Data excerpts:
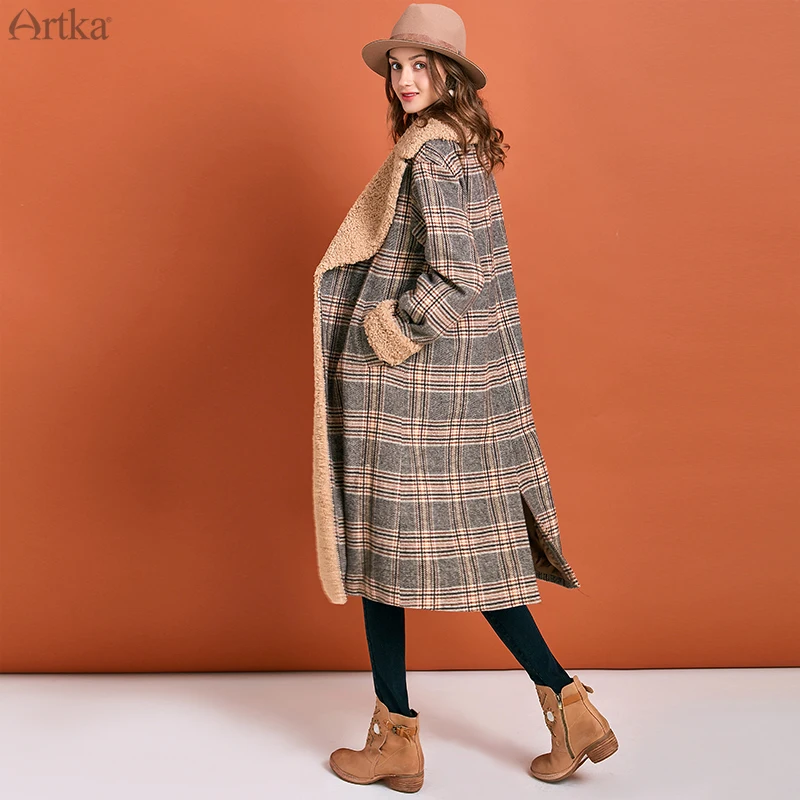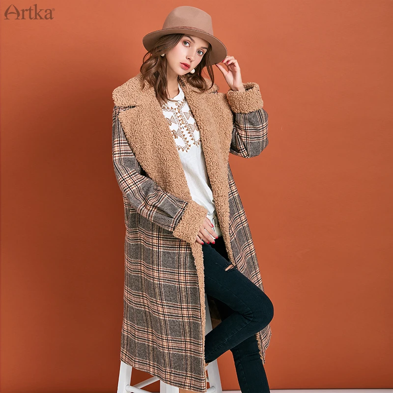 Пальто женское Шерстяное в клетку, в стиле ретро, с лацканами, FA10191D, зимнее, 2019
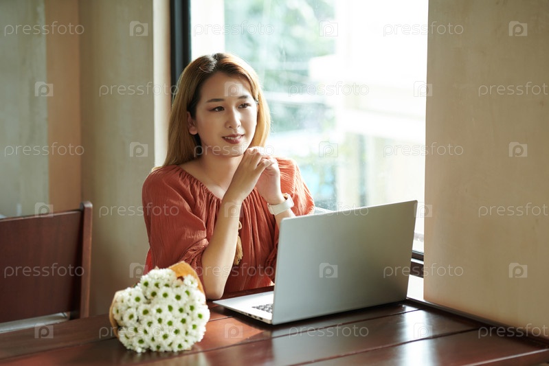 Женщина, работающая за столом в кофейне
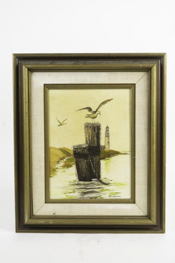 FRAMED OIL ON CANVAS PAINTING OF A COASTAL SCENE
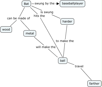 This Concept Map, created with IHMC CmapTools, has information related to: baseball, Bat hits the ball, harder to make the ball, Bat can be made of wood, ball travel farther, Bat can be made of metal, Bat is swung harder, metal will make the ball, Bat swung by the baseballplayer
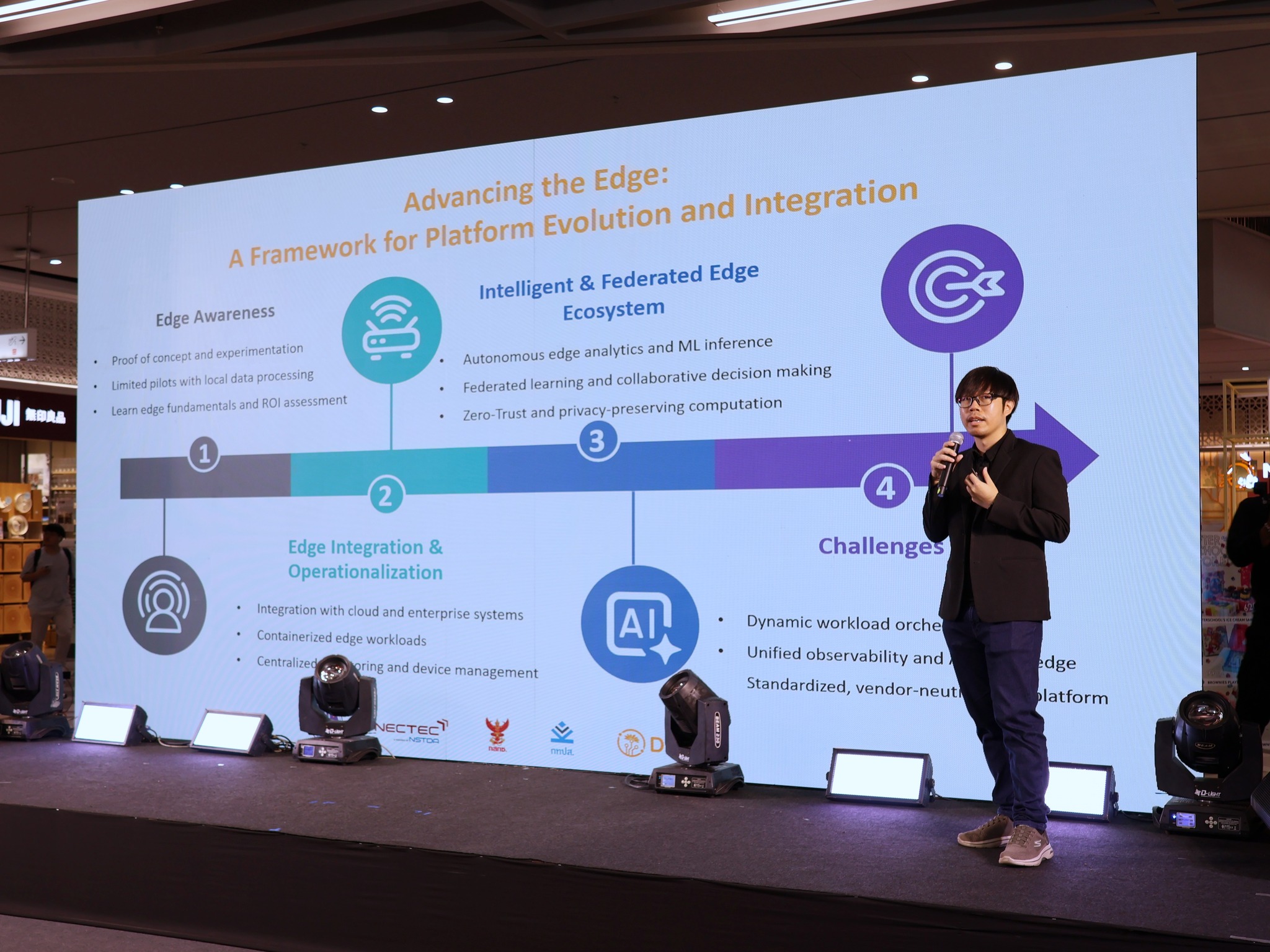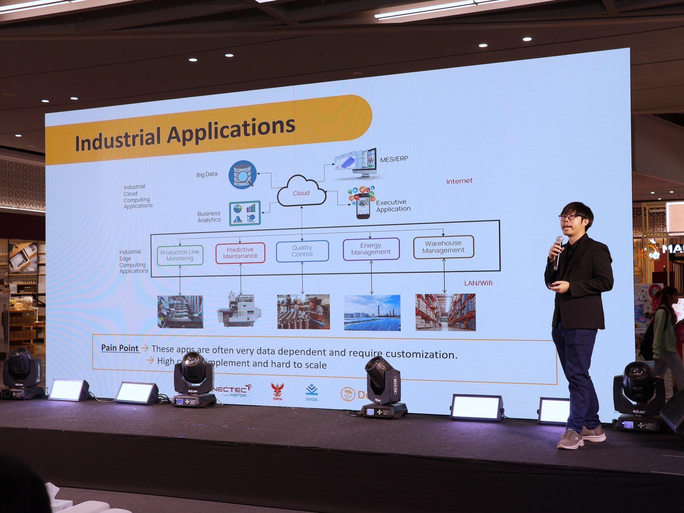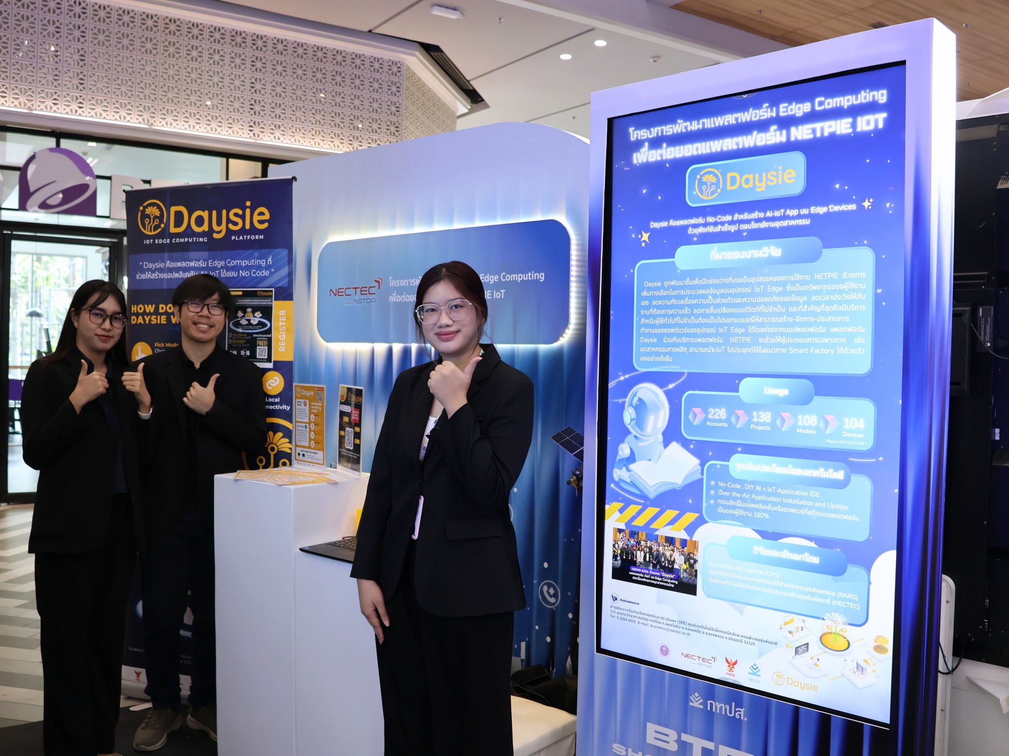 โครงการพัฒนาแพลตฟอร์ม Edge Computing เพื่อต่อยอดแพลตฟอร์ม NETPIE IoT Daysie คือแพลตฟอร์ม No-Code สำหรับสร้าง AI-IoT Applications บน Edge Devices ด้วยฟังก์ชันสำเร็จรูป ตอบโจทย์การใช้งานภาคอุตสาหกรรม Daysie ถูกพัฒนาขึ้นเพื่อแก้ข้อจำกัดของ NETPIE ด้วยการเพิ่มความสามารถประมวลผลบนอุปกรณ์ IoT Edge ของผู้ใช้งาน ช่วยลดภาระด้านความปลอดภัย ความต่อเนื่อง และความเร็วในการทำงาน ลดความเสี่ยงจากความล่าช้า และลดต้นทุนแบนด์วิธอินเทอร์เน็ต ด้วยระบบ No-Code ผู้ใช้งานทั่วไปสามารถสร้าง จัดการ และติดตั้งแอปพลิเคชัน IoT Edge ได้อย่างง่ายดาย พร้อมรองรับการทำงานร่วมกับ NETPIE เพื่อขับเคลื่อนการประยุกต์ใช้ IoT ในอุตสาหกรรมเกษตรและการผลิต สู่การทำงานแบบ Smart Factory อย่างมีประสิทธิภาพและยั่งยืน จุดเด่น / ประโยชน์ของเทคโนโลยี 1) รองรับ No-Code และ DIY AI + IoT Application IDE 2) ติดตั้งและอัปเดตแอปผ่านระบบ Over-the-Air (OTA) 3) ประมวลผลบนอุปกรณ์ของผู้ใช้งาน 100%
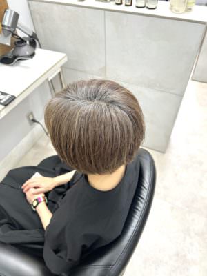 白髪に対してハイライトを足して馴染ませていくのですが、印象的にはマイナスのデザイン。
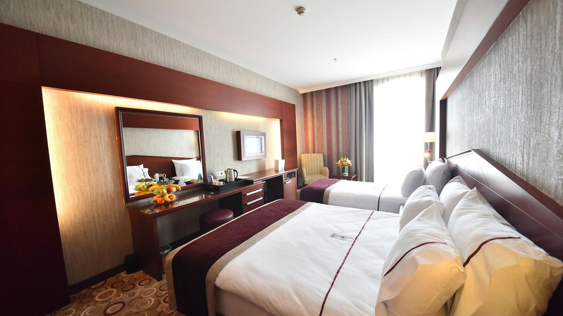 اتاقهای مجهز: اتاقهای این هتل با طراحی مدرن و استفاده از رنگهای ملایم و آرامشبخش آماده شدهاند. هر اتاق دارای امکاناتی چون تلویزیونهای LED، مینیبار، صندوق امانات، تهویه مطبوع و وایفای رایگان است.
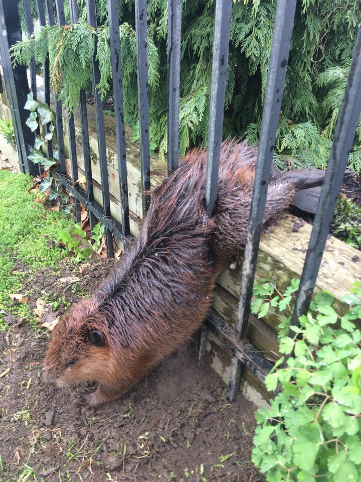 В Канаде спасателям пришлось намылить толстого бобра, застрявшего в заборе

Description of the task:
Please retype the listing above word for word, skipping each picture.

Response for this exercise:
 Пальто женское Шерстяное в клетку, в стиле ретро, с лацканами, FA10191D, зимнее, 2019
 Женщина, работающая за столом в кофейне
 FRAMED OIL ON CANVAS PAINTING OF A COASTAL SCENE
 This Concept Map, created with IHMC CmapTools, has information related to: baseball, Bat hits the ball, harder to make the ball, Bat can be made of wood, ball travel farther, Bat can be made of metal, Bat is swung harder, metal will make the ball, Bat swung by the baseballplayer
 โครงการพัฒนาแพลตฟอร์ม Edge Computing เพื่อต่อยอดแพลตฟอร์ม NETPIE IoT Daysie คือแพลตฟอร์ม No-Code สำหรับสร้าง AI-IoT Applications บน Edge Devices ด้วยฟังก์ชันสำเร็จรูป ตอบโจทย์การใช้งานภาคอุตสาหกรรม Daysie ถูกพัฒนาขึ้นเพื่อแก้ข้อจำกัดของ NETPIE ด้วยการเพิ่มความสามารถประมวลผลบนอุปกรณ์ IoT Edge ของผู้ใช้งาน ช่วยลดภาระด้านความปลอดภัย ความต่อเนื่อง และความเร็วในการทำงาน ลดความเสี่ยงจากความล่าช้า และลดต้นทุนแบนด์วิธอินเทอร์เน็ต ด้วยระบบ No-Code ผู้ใช้งานทั่วไปสามารถสร้าง จัดการ และติดตั้งแอปพลิเคชัน IoT Edge ได้อย่างง่ายดาย พร้อมรองรับการทำงานร่วมกับ NETPIE เพื่อขับเคลื่อนการประยุกต์ใช้ IoT ในอุตสาหกรรมเกษตรและการผลิต สู่การทำงานแบบ Smart Factory อย่างมีประสิทธิภาพและยั่งยืน จุดเด่น / ประโยชน์ของเทคโนโลยี 1) รองรับ No-Code และ DIY AI + IoT Application IDE 2) ติดตั้งและอัปเดตแอปผ่านระบบ Over-the-Air (OTA) 3) ประมวลผลบนอุปกรณ์ของผู้ใช้งาน 100%
 白髪に対してハイライトを足して馴染ませていくのですが、印象的にはマイナスのデザイン。
 اتاقهای مجهز: اتاقهای این هتل با طراحی مدرن و استفاده از رنگهای ملایم و آرامشبخش آماده شدهاند. هر اتاق دارای امکاناتی چون تلویزیونهای LED، مینیبار، صندوق امانات، تهویه مطبوع و وایفای رایگان است.
 В Канаде спасателям пришлось намылить толстого бобра, застрявшего в заборе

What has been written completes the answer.